Et ce qu'on se chuchote à soi-même, à bas-bruit...
Bas-bruit.
Les images sont des permanence au fond de la mémoire. On ne s'en défaits pas si facilement.
Est-ce qu'il faudrait en mettre certaines de côté, à côté de soi et qu'elles s'endorment là, dans leur sommeil, gardiennes des grands parachutes qui flottaient au-dessus de la mer ? Quoi faire des images ? On ne peut pas les jeter à la poubelle. Où les mettre alors ?
Elles sont fragiles, autant que la mémoire est vulnérable. Donnent l'impression d'un texte qui chavire, dont l'esprit chavire, où les esprits chavirent.
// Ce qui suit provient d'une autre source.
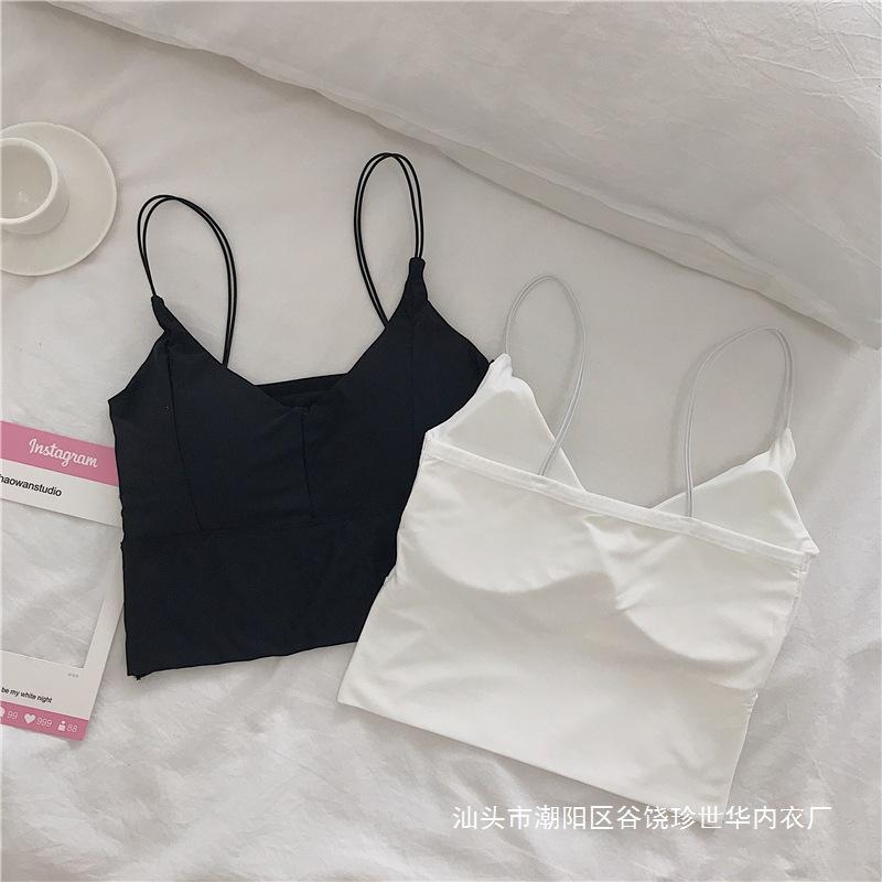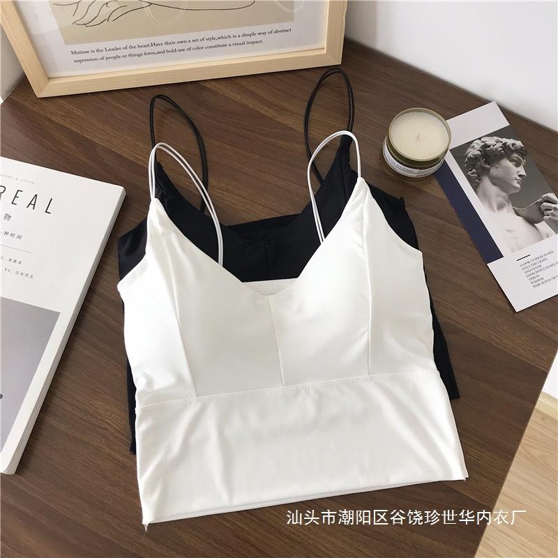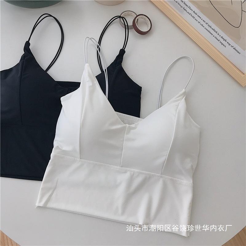 Versátil ropa exterior para niña tirantes con almohadillas en el pecho seda de hielo hermosa espalda tops sin mangas chaleco interior de fondo top de tubo sujetador verano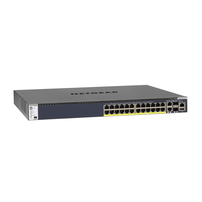 El NETGEAR M4300-28G-PoE+ tiene 24 puertos 10G Ethernet que soportan PoE+, lo que permite alimentar diversos dispositivos conectados.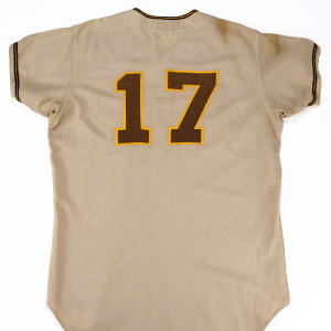 Uniform items from the Padres' formative years are in short supply, and this attractive gamer is a handsome example, with condition described as "good-to-excellent" on the accompanying LOA. A nameplate inside the collar is embroidered with "N Colbert" in cursive lettering. Sewn on the left-front tail is a Wilson size "42" factory label, and the date "1970" is embroidered below. Colbert's number "17" is seen on the back and "San Diego" letter patches span the breast. A pleasing example from a second-year expansion franchise, this well-preserved jersey is worthy of a long look. Accompanying is a pair of stirrups, also worn by Colbert during the 1970 season.

La perte des images ne devraient être ni brutale, ni violente. Voilà, ce serait un film dont le sujet pourrait s'exprimer ainsi : L' émotion d'un personnage que les images quitteraient, qui imaginerait l'émotion éprouvée par un autre personnage que les images quitteraient. La perte alors serait commune. Adoucie. Le mot de "perte", finalement, ne conviendrait plus. Il ne serait plus question de cela, mais d'autre chose. Que d'autres images viendraient creuser. La suite s'élaborerait forcément. Faudrait voir. Aller voir.
Il serait question de regards encore attouchés, un peu éloignés, mais dans une permanence des yeux qui se parleraient à bas-bruit. Feraient sauter des barrières fabriquées. Les personnages consentiraient tout la fois à une édification et à une absence.
L'un dirait : "Cette maison ressemble à une maison, mais ça n'en est pas une. Trop de personnages y vivent. Qui sont-ils ? Sommes-nous là, parmi eux et seuls, dans ce jardin où tout commence, où tout s'endort et brûle ? On sait si peu de choses. On ne sait presque jamais ce qui sera/sera pas. On invente. On sait peut-être tout, alors."
L'autre dirait : "Un homme regarde une femme le regardant la regarder ... Des regards, toujours des regards ? Mais à l'intérieur, il n'y a jamais n'importe quels mots, ...ou n'importe quel silence."
Mon nouveau caméscope est arrivé ce matin. En l'attendant, j'ai bidouillé trois minutes de film, prises par Isabelle Lagny (mon amie photographe qui m'accompagne parfois ici). C'est chez elle, à Paris en 2010. Elle me filme la filmant. L'émotion de quelqu'un qui filme une autre émotion, ...on peut tricoter autour de ça, c'est presque une photo qui bouge, c'est "l'émotion qui bouge". Les images, parfois, elles ne nous quittent pas.